[Data provided]

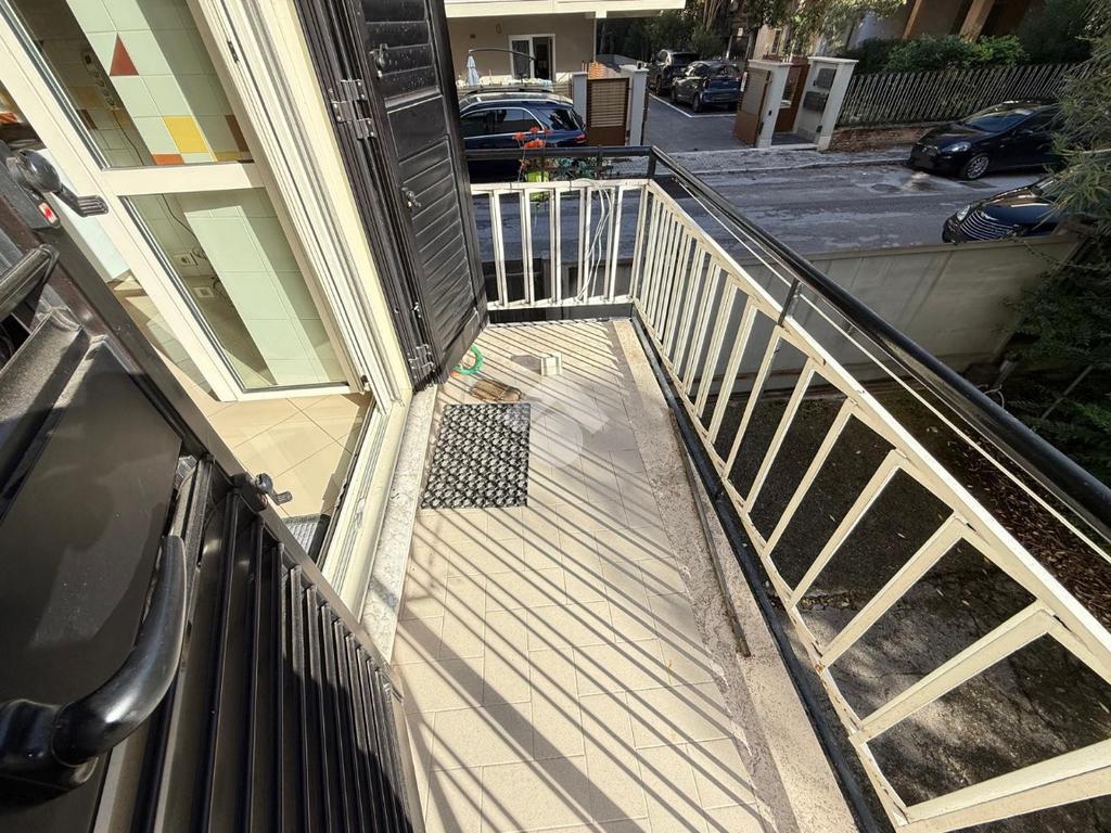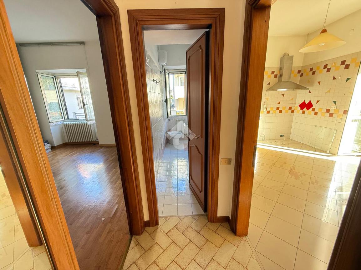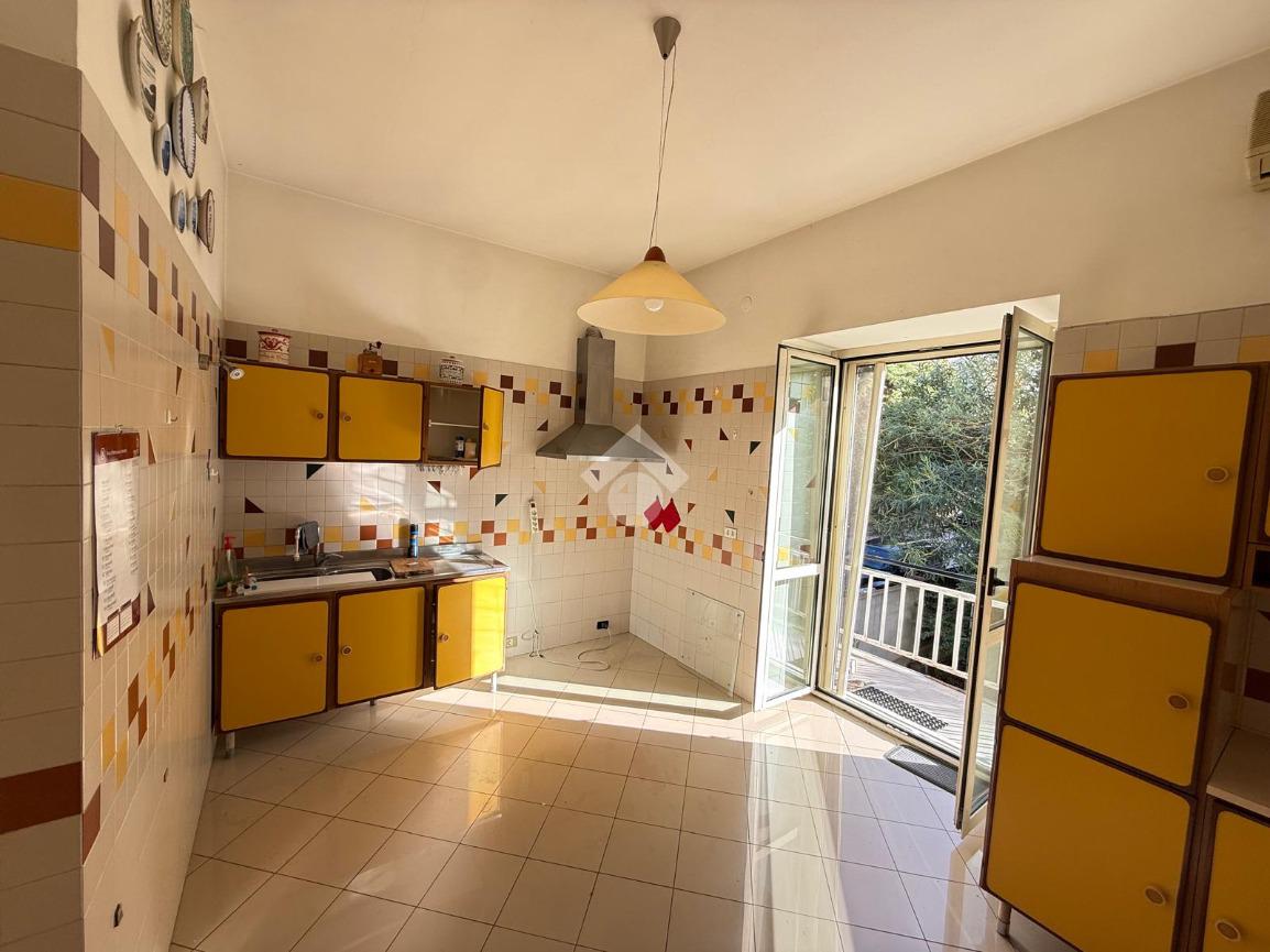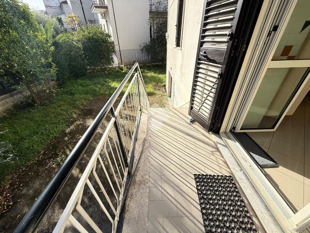 L'immobile offre un'ampia sala, una cucina abitabile con balcone, due camere da letto matrimoniali, due bagni, un posto auto, una cantina ed un garage. Dotato di doppio ingresso, uno condominiale e l'altro indipendente, di aria condizionata e con possibilità di realizzare una terza camera.
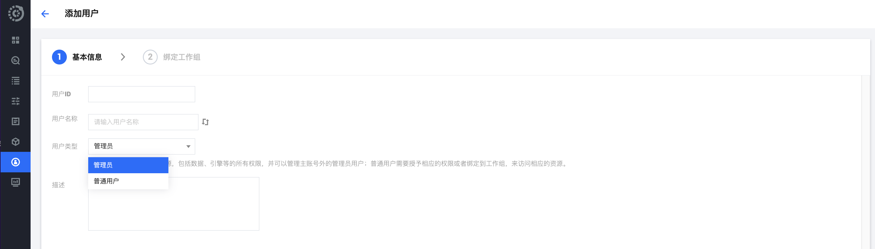 登录 DLC 控制台,选择权限管理,单击用户 > 添加用户,添加新用户。 2. 填写基本信息:填写用户 ID、用户名称和描述,选择用户类型。
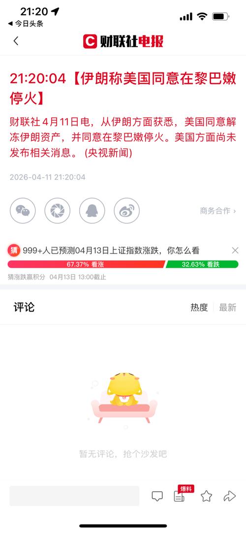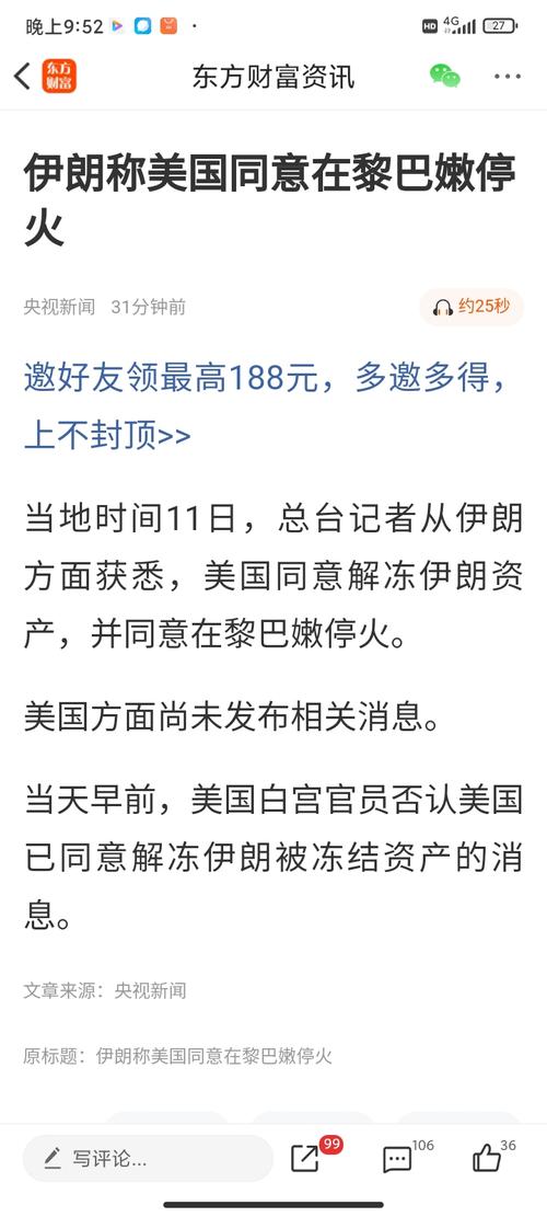 $中工国际(SZ00205121:20:04【伊朗称美国同意在黎巴嫩停火】财联社4月11日电,从伊朗方面获悉,美国同意解冻伊朗资产,并同意在黎巴嫩停火。美国方面尚未发布相关消息。(央视新闻)(来自财联社APP)$
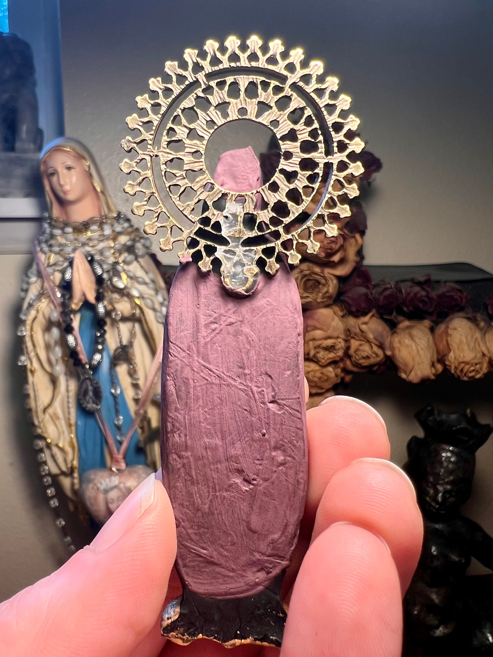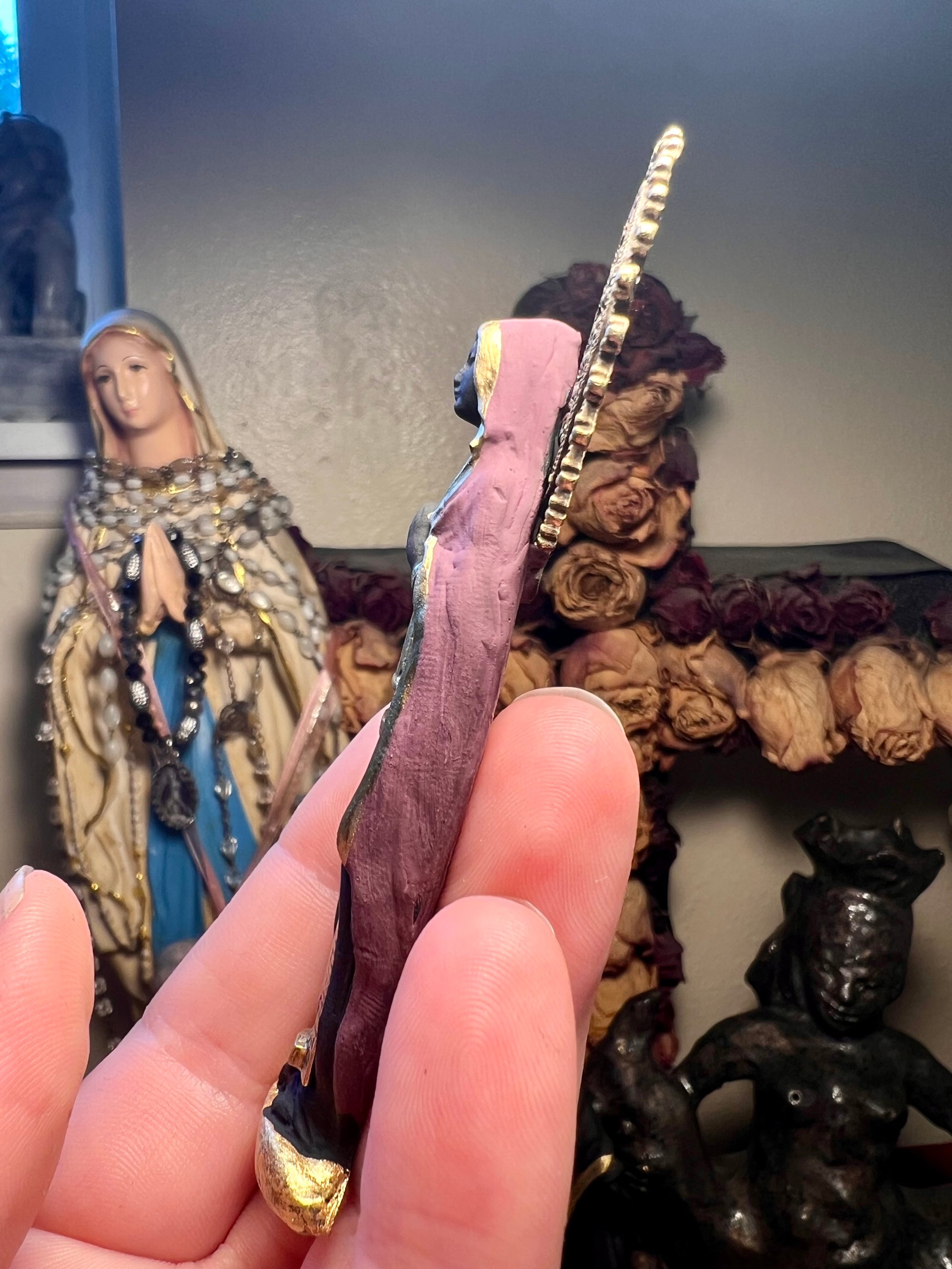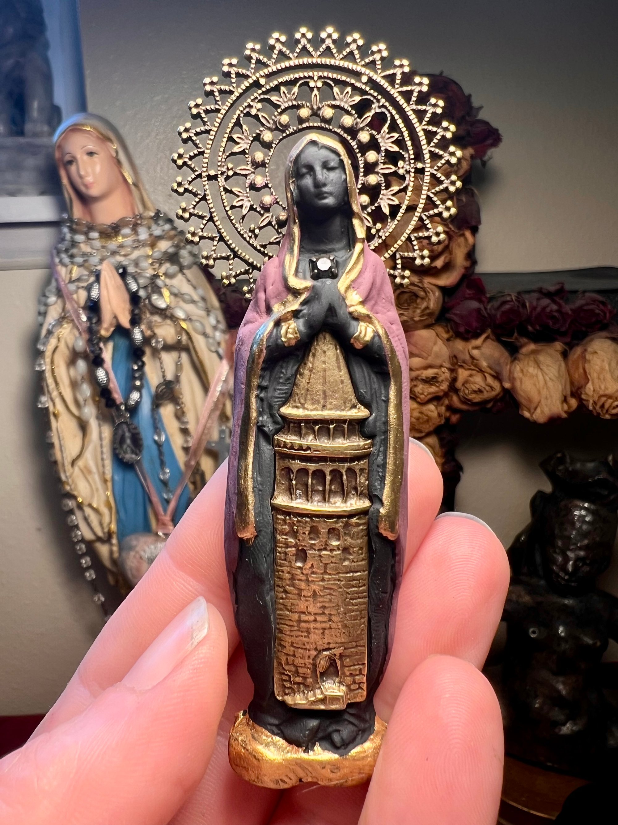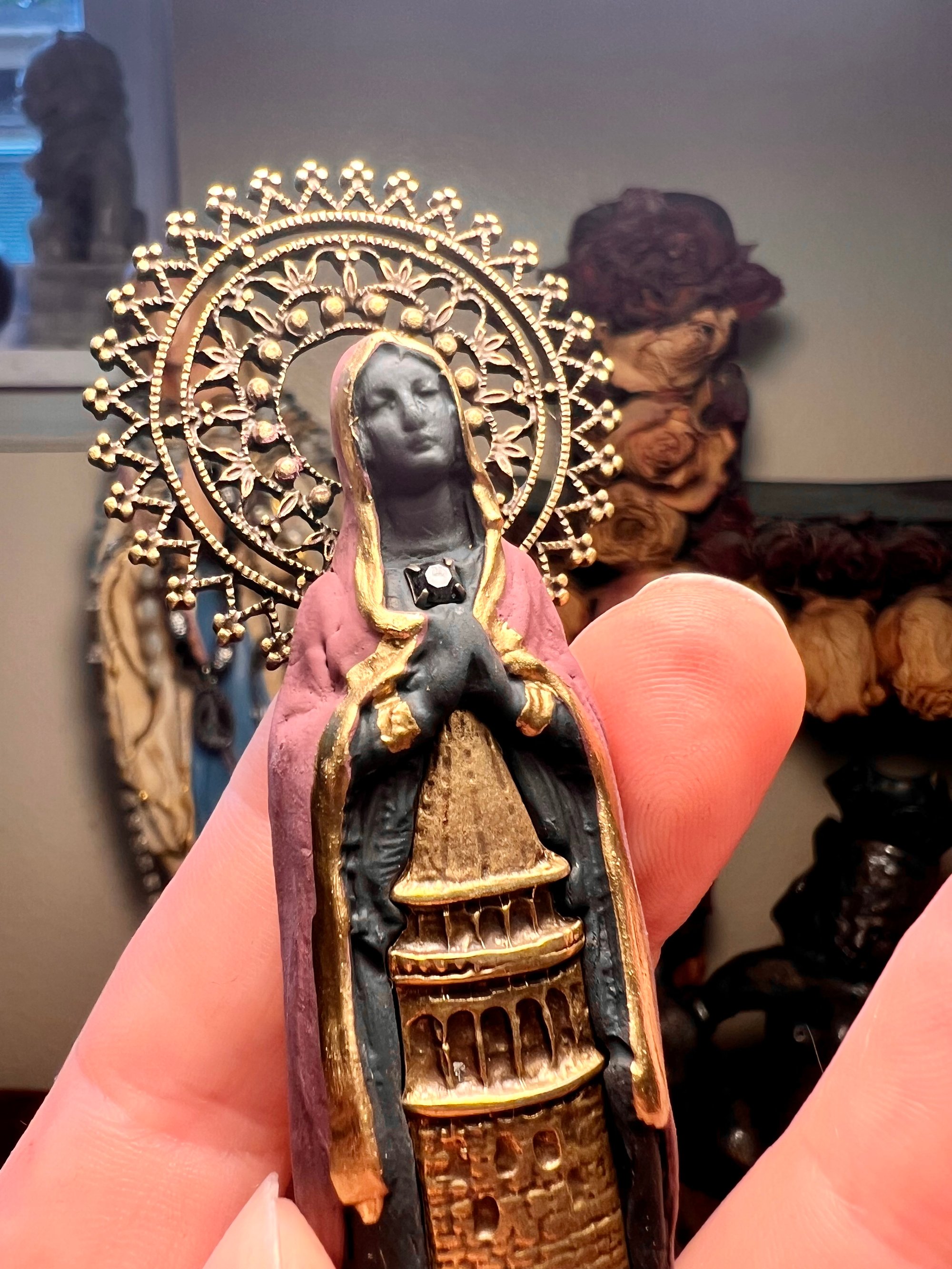 Mary Magdalene figure Made with clay, hand painted with brass tower pendant, black rhinestone, and brass halo.

[/Data provided]

• _Work request_: Within the listing above, find the line containing "登录 DLC 控制台,选择权限管理,单击用户", then print it and every line after it exactly, leaving out pictures.

• _Finished task_:
 登录 DLC 控制台,选择权限管理,单击用户 > 添加用户,添加新用户。 2. 填写基本信息:填写用户 ID、用户名称和描述,选择用户类型。
 $中工国际(SZ00205121:20:04【伊朗称美国同意在黎巴嫩停火】财联社4月11日电,从伊朗方面获悉,美国同意解冻伊朗资产,并同意在黎巴嫩停火。美国方面尚未发布相关消息。(央视新闻)(来自财联社APP)$
 Mary Magdalene figure Made with clay, hand painted with brass tower pendant, black rhinestone, and brass halo.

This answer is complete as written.